====== INFORMATION ======
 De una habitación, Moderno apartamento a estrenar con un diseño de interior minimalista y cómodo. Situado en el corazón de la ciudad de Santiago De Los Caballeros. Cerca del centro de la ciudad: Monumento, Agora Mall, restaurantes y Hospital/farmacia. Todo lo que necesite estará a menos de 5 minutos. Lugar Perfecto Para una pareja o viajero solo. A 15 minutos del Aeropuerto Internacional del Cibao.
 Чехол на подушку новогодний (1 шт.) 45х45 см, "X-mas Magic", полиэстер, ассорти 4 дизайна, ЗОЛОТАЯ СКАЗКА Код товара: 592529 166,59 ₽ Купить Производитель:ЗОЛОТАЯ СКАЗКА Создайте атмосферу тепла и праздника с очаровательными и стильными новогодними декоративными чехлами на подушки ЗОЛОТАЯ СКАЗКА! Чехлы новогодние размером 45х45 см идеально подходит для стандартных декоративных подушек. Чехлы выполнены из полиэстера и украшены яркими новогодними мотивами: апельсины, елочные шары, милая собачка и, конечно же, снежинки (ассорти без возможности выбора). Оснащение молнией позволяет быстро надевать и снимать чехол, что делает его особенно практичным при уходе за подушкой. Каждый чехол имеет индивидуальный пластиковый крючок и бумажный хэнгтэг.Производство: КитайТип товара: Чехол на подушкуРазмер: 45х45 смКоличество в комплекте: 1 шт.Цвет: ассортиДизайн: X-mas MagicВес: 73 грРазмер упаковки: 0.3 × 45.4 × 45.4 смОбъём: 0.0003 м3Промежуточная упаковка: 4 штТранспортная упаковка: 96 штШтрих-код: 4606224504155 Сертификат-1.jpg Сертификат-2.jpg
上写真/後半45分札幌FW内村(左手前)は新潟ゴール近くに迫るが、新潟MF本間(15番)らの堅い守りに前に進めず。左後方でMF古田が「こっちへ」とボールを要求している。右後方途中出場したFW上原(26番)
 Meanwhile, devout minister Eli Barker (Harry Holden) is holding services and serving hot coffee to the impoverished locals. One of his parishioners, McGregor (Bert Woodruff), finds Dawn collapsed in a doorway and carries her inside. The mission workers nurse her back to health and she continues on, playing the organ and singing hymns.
======
====== INFORMATION ======
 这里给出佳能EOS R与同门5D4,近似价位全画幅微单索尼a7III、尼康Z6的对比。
======
— EXERCISE INSTRUCTIONS —
The range runs from the line above containing "Чехол на подушку новогодний" to the line containing "Meanwhile, devout minister", inclusive. Restate those lines word for word and no others.

— EXPECTED ANSWER —
 Чехол на подушку новогодний (1 шт.) 45х45 см, "X-mas Magic", полиэстер, ассорти 4 дизайна, ЗОЛОТАЯ СКАЗКА Код товара: 592529 166,59 ₽ Купить Производитель:ЗОЛОТАЯ СКАЗКА Создайте атмосферу тепла и праздника с очаровательными и стильными новогодними декоративными чехлами на подушки ЗОЛОТАЯ СКАЗКА! Чехлы новогодние размером 45х45 см идеально подходит для стандартных декоративных подушек. Чехлы выполнены из полиэстера и украшены яркими новогодними мотивами: апельсины, елочные шары, милая собачка и, конечно же, снежинки (ассорти без возможности выбора). Оснащение молнией позволяет быстро надевать и снимать чехол, что делает его особенно практичным при уходе за подушкой. Каждый чехол имеет индивидуальный пластиковый крючок и бумажный хэнгтэг.Производство: КитайТип товара: Чехол на подушкуРазмер: 45х45 смКоличество в комплекте: 1 шт.Цвет: ассортиДизайн: X-mas MagicВес: 73 грРазмер упаковки: 0.3 × 45.4 × 45.4 смОбъём: 0.0003 м3Промежуточная упаковка: 4 штТранспортная упаковка: 96 штШтрих-код: 4606224504155 Сертификат-1.jpg Сертификат-2.jpg
上写真/後半45分札幌FW内村(左手前)は新潟ゴール近くに迫るが、新潟MF本間(15番)らの堅い守りに前に進めず。左後方でMF古田が「こっちへ」とボールを要求している。右後方途中出場したFW上原(26番)
 Meanwhile, devout minister Eli Barker (Harry Holden) is holding services and serving hot coffee to the impoverished locals. One of his parishioners, McGregor (Bert Woodruff), finds Dawn collapsed in a doorway and carries her inside. The mission workers nurse her back to health and she continues on, playing the organ and singing hymns.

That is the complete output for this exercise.